Evaluation uses only cross-entropy, which is still some distance from downstream task accuracy; whether the elbow for long-tail tasks like code/math is consistent remains to be verified.
Although the nine domains are diverse, they all come from the Mixture-of-Thoughts/OpenScience data series; extrapolation to truly heterogeneous scenarios (e.g., multilingual, multimodal, safety alignment) remains to be tested.

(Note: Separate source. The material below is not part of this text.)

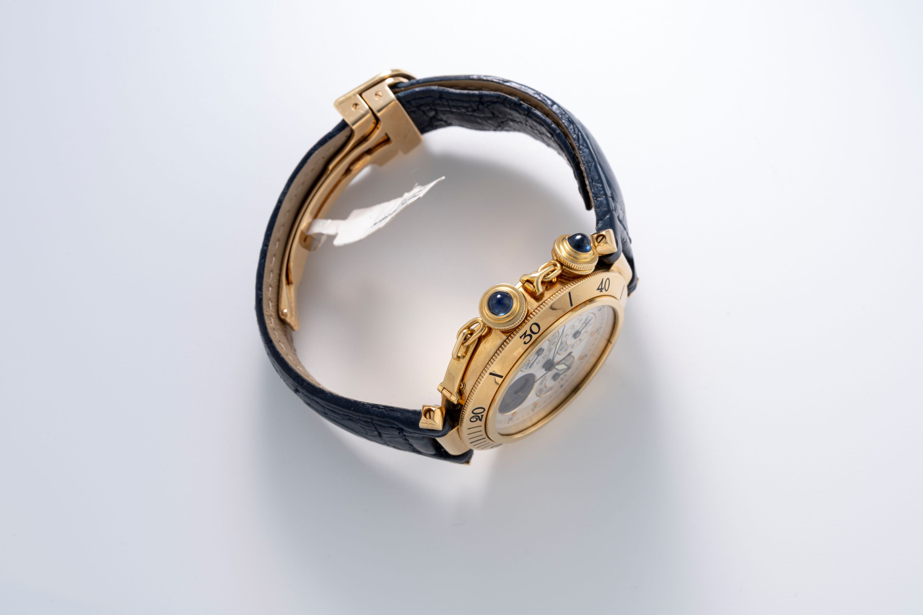 CaseRound case in 18k yellow gold with Pasha crown system at 3 o'clock, rotating bezel in 18k yellow gold, display caseback
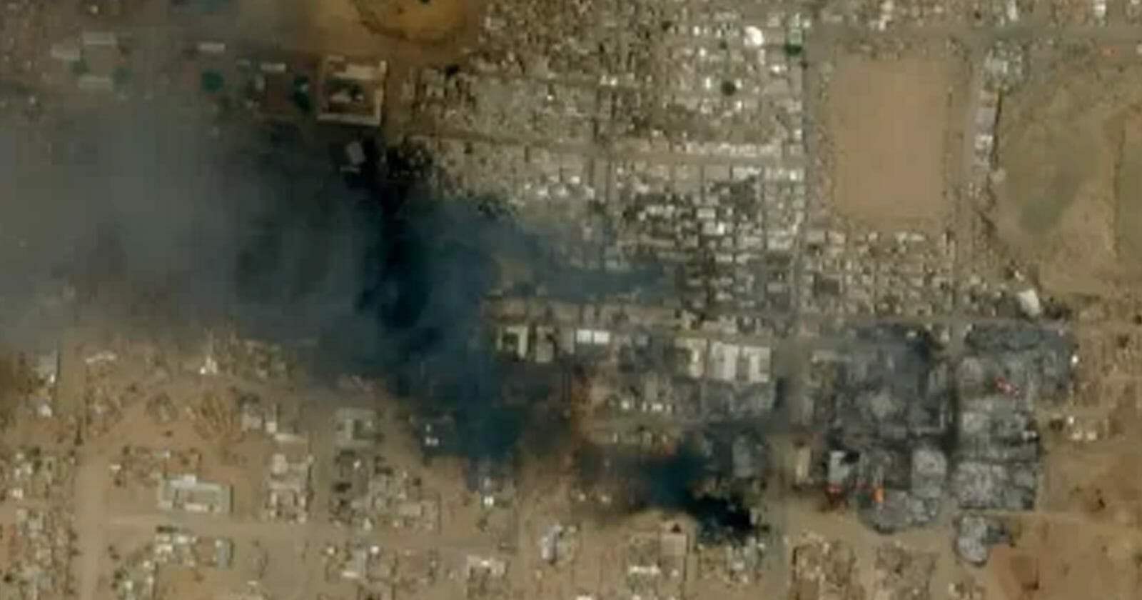 وأظهرت صورة التُقطت عبر الأقمار الاصطناعية حرائق مشتعلة، وتحوُّل متاجر صغيرة في الجانب الشرقي من السوق إلى رماد، ونيران تلتهم أبنية أخرى.

vs Kaplan/Chinchilla pretraining scaling laws: Those characterize the relationship between \((N, D, C)\) and loss; this work adds the "number of experts \(k\)" as a compositional dimension, showing it and \(N\) are decoupled axes.
vs Yadav et al. (2024) empirical study: The latter empirically noted "method differences shrink with more experts"; this work explains it with a unified formula: "common \(L_\infty(N)\) dominates at large \(k\), \(A(N)/(k+b)\) tail dominates at small \(k\)".
vs TIES/DARE and other merging algorithms: This work does not compete with them but "places them in the same framework", showing that such preprocessing only slightly modifies the mean/covariance of task vectors, without changing the power law skeleton.

Rating¶

Novelty: ⭐⭐⭐⭐ First to present a dual-axis \((N,k)\) merging scaling law with provable first-order theory; the formula itself is concise, but the approach is a natural extension in the scaling law lineage.
Experimental Thoroughness: ⭐⭐⭐⭐⭐ 10,866 merged models, 9 domains, 7 scales, 4 methods, cross-backbone validation—scale is nearly unmatched in merging literature.
Writing Quality: ⭐⭐⭐⭐ Clear integration of formulas and figures, with thorough explanation of the physical meaning of floor/tail; minor repetition between in-domain/cross-domain sections.
Value: ⭐⭐⭐⭐⭐ Directly provides a "three-point fit → budget decision" actionable workflow, with immediate engineering significance for industrial merging, LoRA repository management, and expert routing.